# Processing the federal Civil Rights Data Collection survey data

This notebook documents how we downloaded, transformed, and cleaned the Civil Rights Data Collection survey data from the U.S. Department of Education's Office for Civil Rights for our analysis of bullying/harassment during the 2013-14 school year in NYC public schools. Note that although our analysis is restricted to NYC schools, here we are loading the entire dataset of U.S. public schools.

## Import Python libraries and set working directories

In [1]:
import os
import re
import feather
import numpy as np
import pandas as pd

In [2]:
input_dir = os.path.join(os.path.dirname(os.getcwd()), 'data', 'input')
intermediate_dir = os.path.join(os.path.dirname(os.getcwd()), 'data', 'intermediate')

## Load raw data

The [raw file](https://inventory.data.gov/dataset/2acc601e-9806-4dff-b144-f8a5e7c095b8/resource/3dc84a95-526a-4b90-aacd-72f60d4fecbc/download/crdc201314csv.zip) of survey responses comes from the U.S. Department of Education (ED)'s Office for Civil Rights (OCR), available on [Data.gov](https://catalog.data.gov/dataset/civil-rights-data-collection-2013-14). The full page for the Civil Rights Data Collection for the 2013-14 school year is [here](https://www2.ed.gov/about/offices/list/ocr/docs/crdc-2013-14.html). OCR also hosts a data portal with information from earlier years [here](https://ocrdata.ed.gov/).

In [3]:
ocr_schools_read = pd.read_csv(
    os.path.join(input_dir, 'CRDC2013_14_SCH.csv'),
    encoding = "ISO-8859-1", 
    dtype={'COMBOKEY':'str', 'LEAID': 'str', 'NCES_SCHOOL_ID': 'str'},
    na_values = [-1, -2,-3, -4, -5, -9],
    low_memory=False)

ocr_schools_read.columns = ocr_schools_read.columns.str.lower()

## Save an intermediate version of the data with just three columns: `sch_name`, `combokey` (the school's unique ID number), and `nces_school_id` (the school's ID number in another federal dataset)

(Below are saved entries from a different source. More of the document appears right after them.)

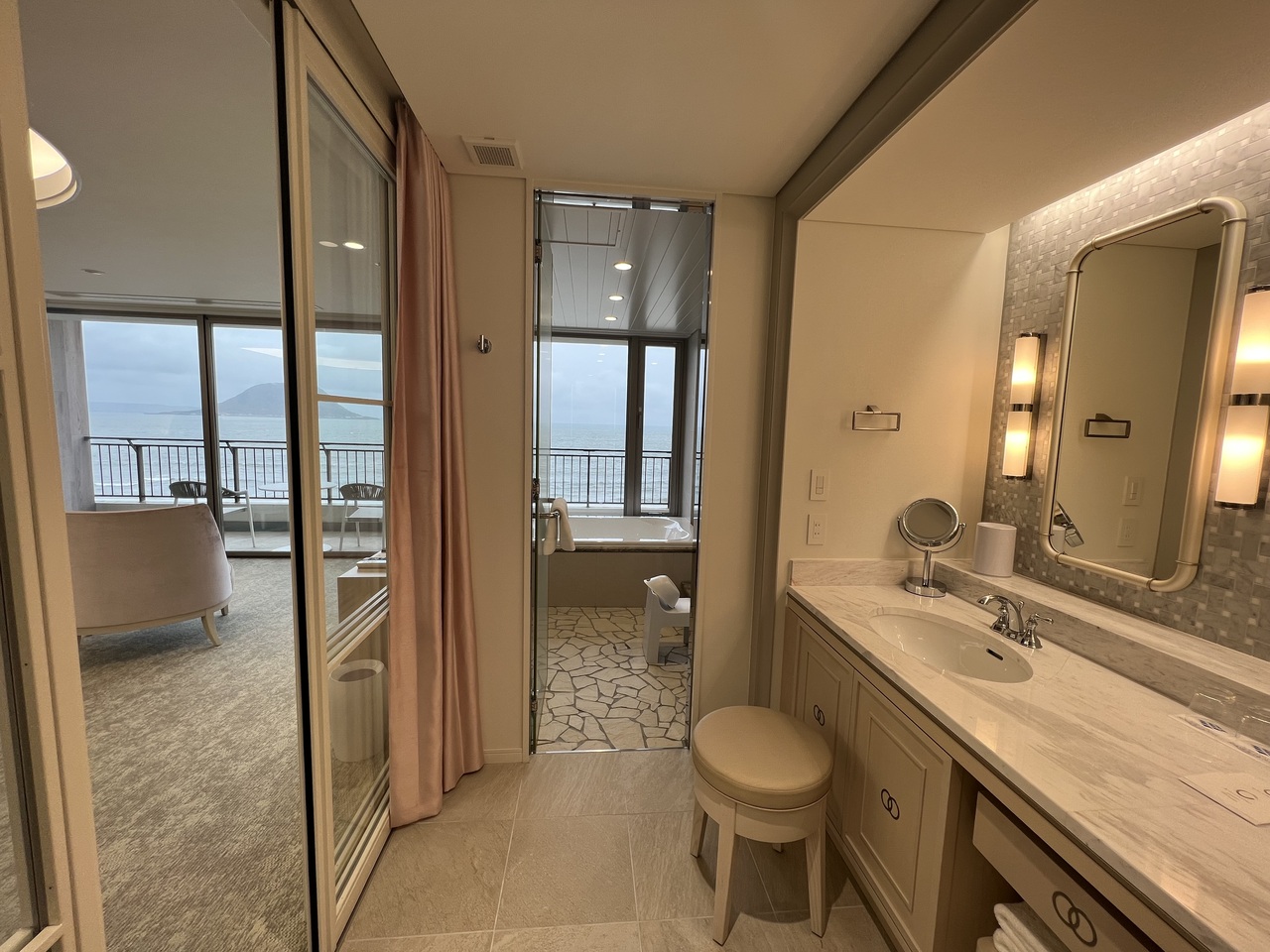 打ち合わせできるほどのスペースに海が見えるバス、ベッドなど、どれも快適でした。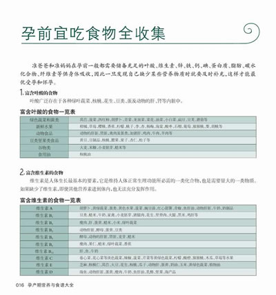 精挑细选——考察营养成分、比较保健功效,从禽鱼肉蛋、瓜果蔬菜中挑选出9种特效食材、23种常用食物,丰富准妈妈的餐桌。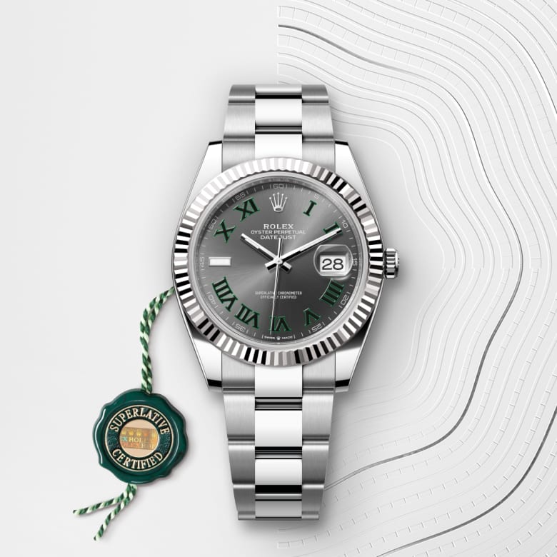 The Rolex fluted bezel is a mark of distinction. Originally, the fluting of the Oyster bezel had a functional purpose: it served to screw the bezel onto the case helping to ensure the waterproofness of the watch. It was therefore identical to the fluting on the case back, which was also screwed onto the case for waterproofness, using specific Rolex tools. Over time, the fluting became an aesthetic element, a genuine Rolex signature feature. Today the fluted bezel is a mark of distinction, in gold on this Datejust 41.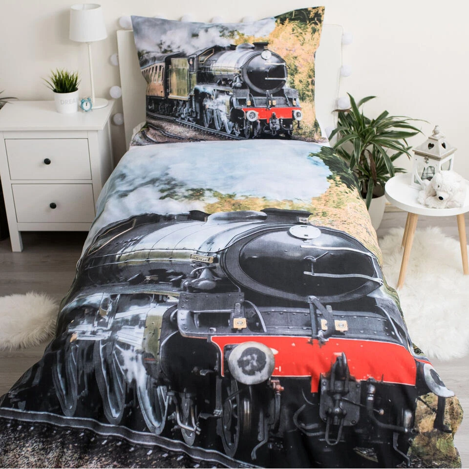 Locomotief Dekbedovertrek, Trein. Of je nu modeltreintjes spaart of zelf graag met de trein reist, met dit gave dekbedovertrek zit je dan zeker goed. Met een mooie afbeelding van een ouderwetse stoom locomotief heb je een echte blikvanger te pakken! Op de achterzijde staat een dessin van getekende locomotieven: Leuk om eens af te wisselen bij het opmaken van het bed. De set is gemaakt van 100% katoen en de kussensloop is extra groot! Ook een leuk cadeau idee voor een echte treinen fan voor een verjaardag of de feestdagen.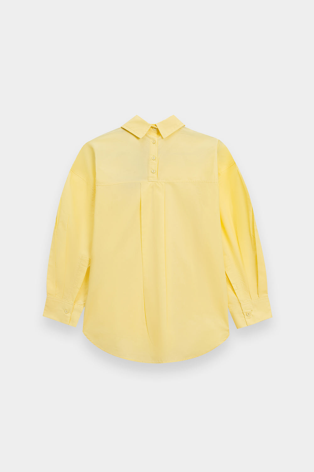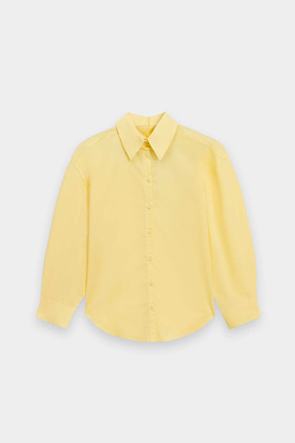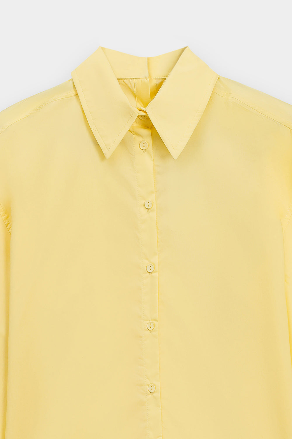 This yellow beige button-down shirt is a masterclass in effortless, high-end minimalism, serving as a versatile cornerstone for the modern wardrobe. Crafted from premium fabric with a crisp, structured finish, the design features a sophisticated oversized silhouette with dropped shoulders and a graceful curved hemline that offers a contemporary drape. The classic pointed collar and clean front button placket are complemented by wide, structured cuffs with delicate tonal stitching, providing a polished look that transitions seamlessly from professional settings to relaxed, chic outings. Whether paired with an embroidered maxi skirt for an ethereal monochromatic ensemble or styled with casual denim, this shirt provides a bright, elevated canvas that exudes understated luxury and timeless style.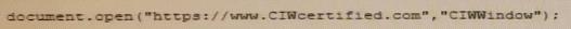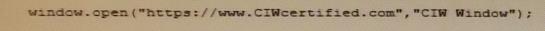 Janice는 새 브라우저 창에서 웹 문서를 여는 팝업 창을 만들어야 합니다. 그녀는 어떤 코드 문을 사용해야 합니까?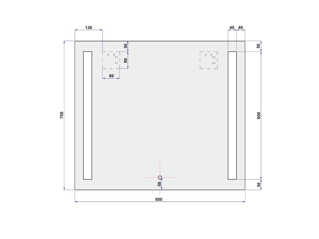 Elegantní zrcadlo s LED osvětlením. Zrcadlo se spouští dotykovým senzorem umístěným se spodní přední části zrcadla. Zrcadlo je vybaveno úchyty (závěsy i vhodné háčky na zeď) pro svislé zavěšení. U zrcadel s osvětlením doporučujeme vývod elektřiny umístit ""na střed zrcadla"". Délka přívodního kabelu je 1m umožňuje pohodlnou montáž.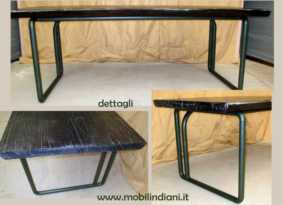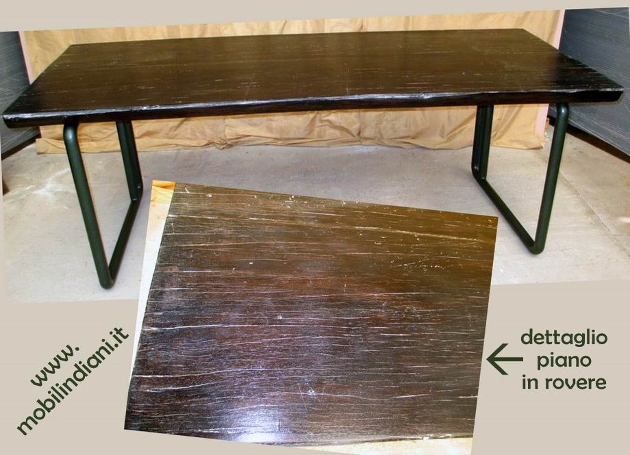 Splendido tavolo con pianale in legno massello di rovere, color testa di moro effetto marmorizzato spess. cm.6 Fissato su base in ferro color verde foresta. Linea industrial. Cm.204x87 h.78 Paese Italia NO SPEDIZIONE RITIRO PRESSO NS. SEDE COSTO ZERO. Per info chiedi su WhatsApp o mail: info@mobilindiani.it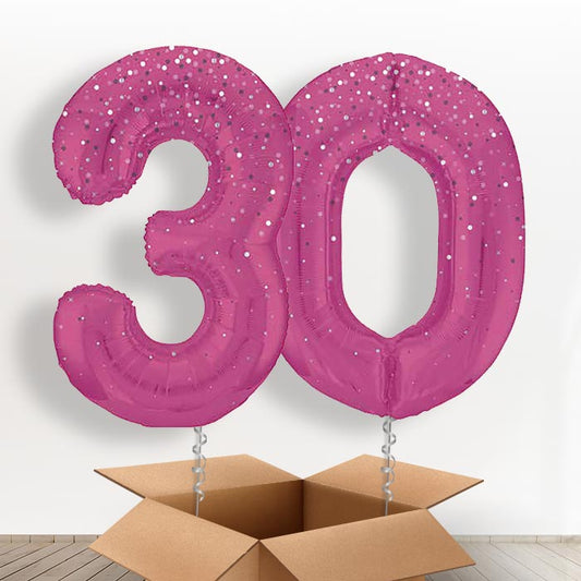 Pink Giant Numbers 30th Birthday Balloon in a Box Gift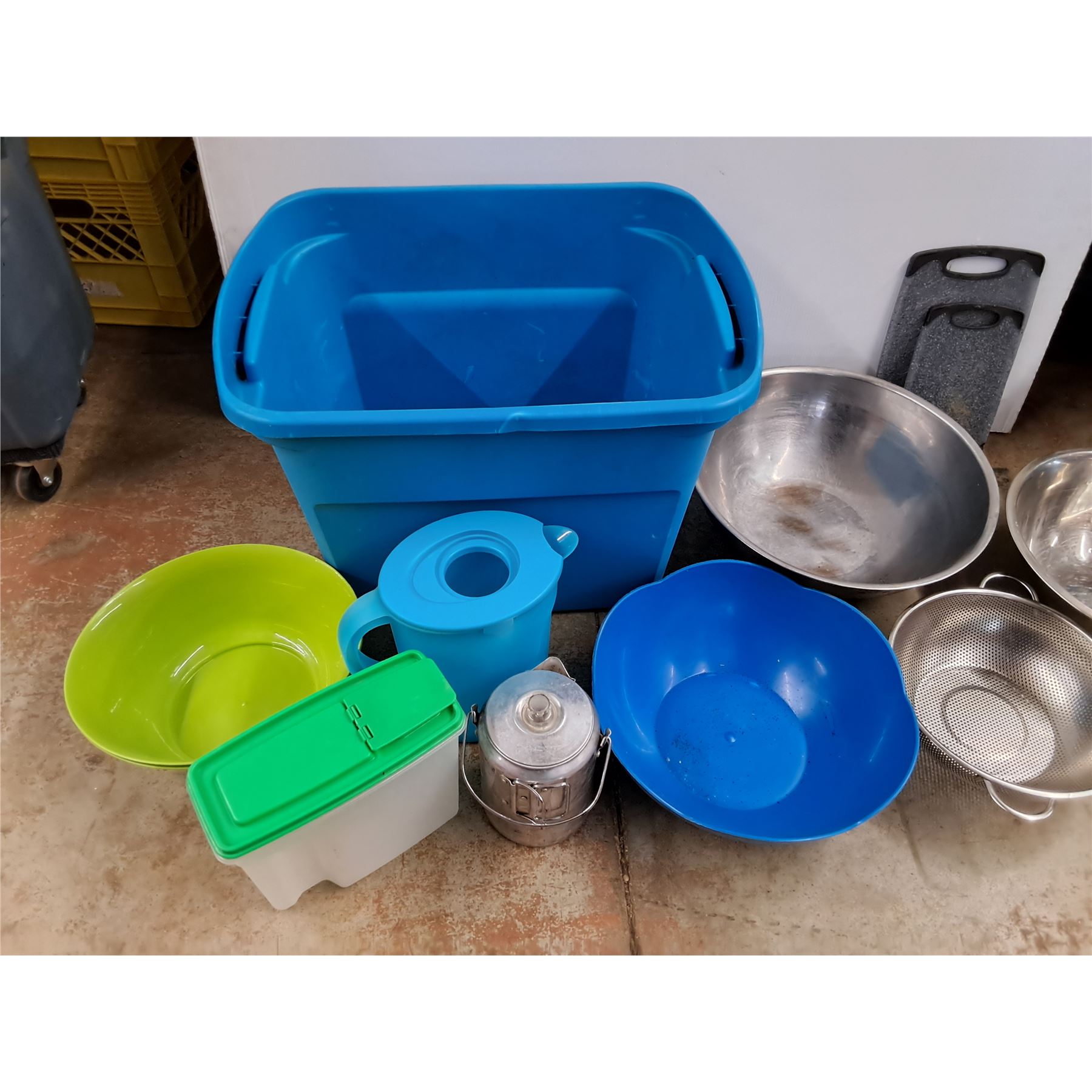 *Plastic Storage Tote 23" x 18" x 16", Plastic & Metal Bowls, Strainer, Cutting Boards, Tea Pot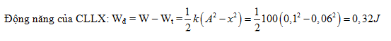 Một con lắc lò xo gồm viên bi nhỏ và lò xo nhẹ có độ cứng 100 N/m, dao động điều hòa với biên độ 0,1 m. Mốc thế năng ở vị trí cân bằng. Khi viên bi cách vị trí cân bằng 6 cm thì động năng của con lắc bằng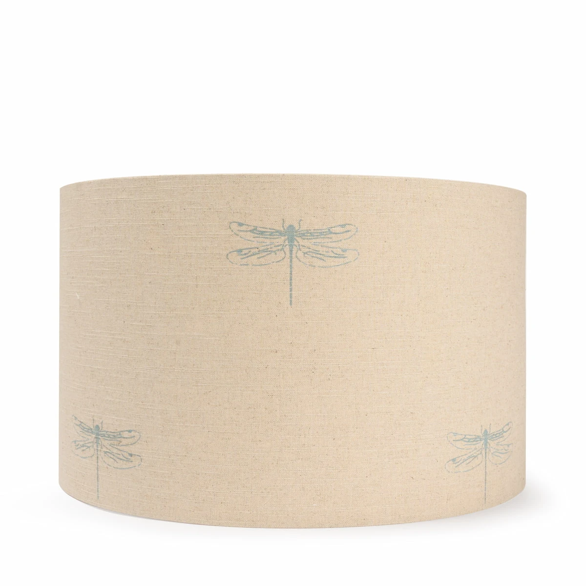 Perfect to add a touch of colour to the interiors of any room, this handmade drum lampshade is made from our teal Dragonfly linen blend fabric. Sophie’s delicate teal blue dragonfly silhouettes pop against the neutral ground on this stylish design. The light shade has an adapter so that it fits all standard UK and EU fittings. The reversible gimble (wire inner) means the shade can be used on a standing lamp, table lamp or hung from a ceiling bulb. If you are looking for some co-ordinating pieces we have blinds, curtains and fabric by the metre in our Dragonfly design.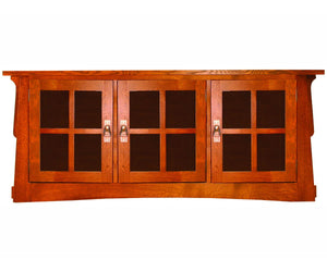 Amish Solid Wood Alamosa 3-Door TV Console - 8X-2019: tv console - 65” W x 19” D x 27” H Features: doors with plain glass, one adjustable shelf behind doors, A049 hardware Options: wood doors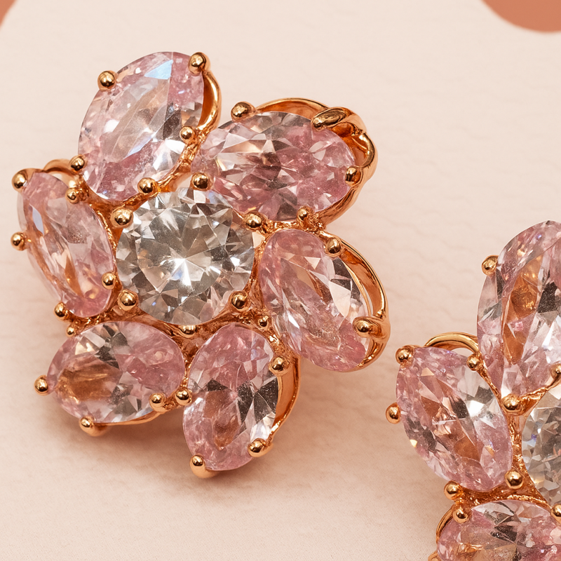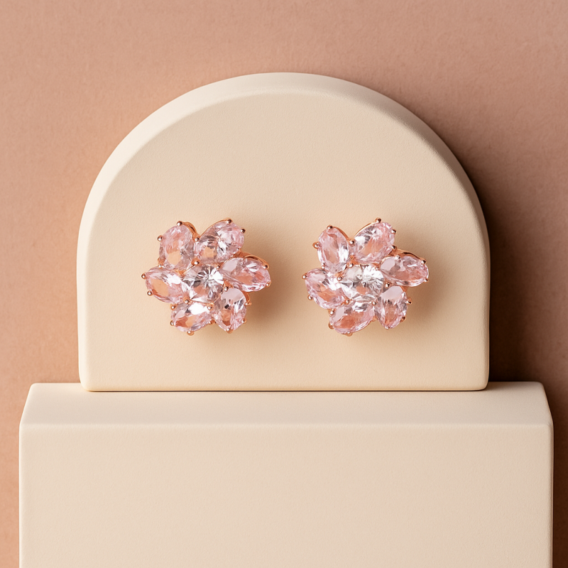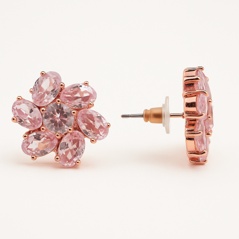 Add a soft yet dazzling touch to your look with these Pink Floral Crystal Stud Earrings. Designed with a delicate floral arrangement, each petal is made of shimmering light-pink crystals that catch the light beautifully. The central clear crystal adds a hint of sparkle, making these earrings perfect for both day and evening wear. Set in a rose gold-tone base, these studs are lightweight and comfortable, ideal for pairing with casual outfits, festive attire, or even bridal wear for a subtle, romantic accent. Whether itβs for a special occasion or daily elegance, these earrings bring just the right amount of charm and sophistication.

We will use this intermediate dataframe (which we will save into a [feather](https://blog.cloudera.com/blog/2016/03/feather-a-fast-on-disk-format-for-data-frames-for-r-and-python-powered-by-apache-arrow/) file in the `data/intermediate` folder), to create a crosswalk from the `DBN`, the code used in the NYC School Survey to identify schools, to the `combokey`, the code used in the federal civil rights data to identify schools. The `nces_school_id` is one of the steps along the way.

In [4]:
ocr_schools_ids = ocr_schools_read[['sch_name', 'combokey', 'nces_school_id']]
ocr_schools_ids.to_feather(os.path.join(intermediate_dir, 'ocr_schools_ids.feather'))

## Select bullying/harassment variables

For each school, the OCR collects information on the number of allegations of bullying/harassment, the number of students reported to be bullied/harassed, and the number of students disciplined for bullying/harassment. Bullying/harassment falls into three categories: race, sex, and disability.

In [5]:
ocr = ocr_schools_read[['combokey'] + [c for c in ocr_schools_read.columns if ('tot_hb' in c) | 
                                       ('tot_enr' in c) | ('hballegations' in c)]].copy()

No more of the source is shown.